Lecture - Stem Cells
Embryology is all about stem cells, a single cell (zygote) divides and differentiates to form all the tissues throughout the body. Furthermore within some tissues, stem cells remain to continuously replace cells that are lost through the life of that tissue. In recent years Scientific and general interest in this topic has increased due to the many issues that surround this specialised cell type. This lecture will introduce the various types/sources of stem cells as well as their practical and therapeutic potentials. A brief discussion of the pros and cons of different types of stem cells currently investigated in the field of medical research will be discussed.
2012 - This lecture will be presented by an expert guest lecturer A/Prof Kuldip Sidhu, Director, Stem Cell Lab, Chair, Stem Cell Biology.
- I will provide hard copies of his lecture slides. The information on this current page is background reading on this topic.
The Nobel Prize in Physiology or Medicine 2012 was awarded jointly to Sir John B. Gurdon and Shinya Yamanaka "for the discovery that mature cells can be reprogrammed to become pluripotent"
| Lectopia Lecture Audio
Lecture Date: 2012-10-09 Lecture Time: 15:00 Venue: CLB 3 Speaker: Kuldip Sidhu
| Hill, M.A. (2011) UNSW Embryology (11th ed.). Sydney:UNSW.

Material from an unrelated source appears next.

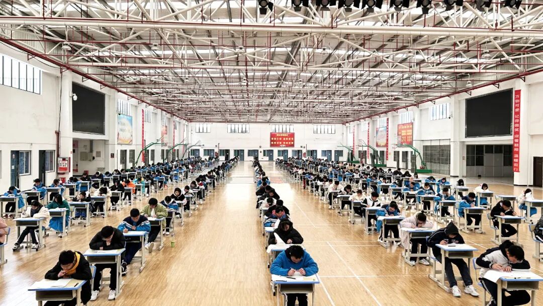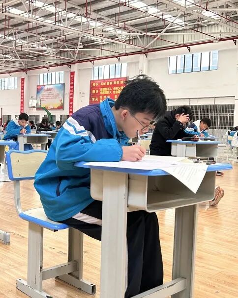 青春有梦,士气如虹。考生们沉着冷静,严阵以待。考场上每人都全神贯注,精心深思,认真审题、谨慎答题。篮球馆上空,书写的“沙沙”声轻轻传来,仿佛是同学们取得理想成绩后的喜悦呐喊。

- Understanding of stem cell history
- Understanding of stem cell types
- Understanding of stem cell identification/differentiation
- Understanding of advantages and disadvantages of different stem cell types
Why Stem Cells
Why are they in the News?
What are their uses?
Medline Search stem cell 2002 - 110,920 | 2004 - 128,485 | 2005 - 140,966 | 2006 - 154,176 | 2011 - 190,069 | 2012 - 210,393
Research that led to Stem Cells
- Human Diseases - Generation of “knock out” mice
- Human Development - Studying regulation of cell differentiation in development
- Human Reproduction - Disorders, sterility
Stem Cell Types
Tissue Stem Cells
- differentiated cells have short life spans continually replaced
- blood cells, epithelial cells of skin and digestive tract
- fully differentiated cells do not proliferate
- proliferation of less differentiated- stem cells
- produce daughter cells that either differentiate or remain as stem cells
- All different types of blood cells develop from a pluripotent stem cell in bone marrow
- Precursors of differentiated cells undergo several rounds of cell division as they mature
- proliferation ceases at terminal stages of differentiation
Embryonic Stem Cells
- What is a stem cell - Pluripotent (totipotent)
- Pluripotent - to describe stem cells that can give rise to cells derived from all 3 embryonic germ layers (Ectoderm, Mesoderm, Endoderm)
- layers are embryonic source of all cells of the body
- hollow structure composed of about 100 cells surrounding an inner cavity
- Only ES cells, which form inner cell mass, actually form the embryo.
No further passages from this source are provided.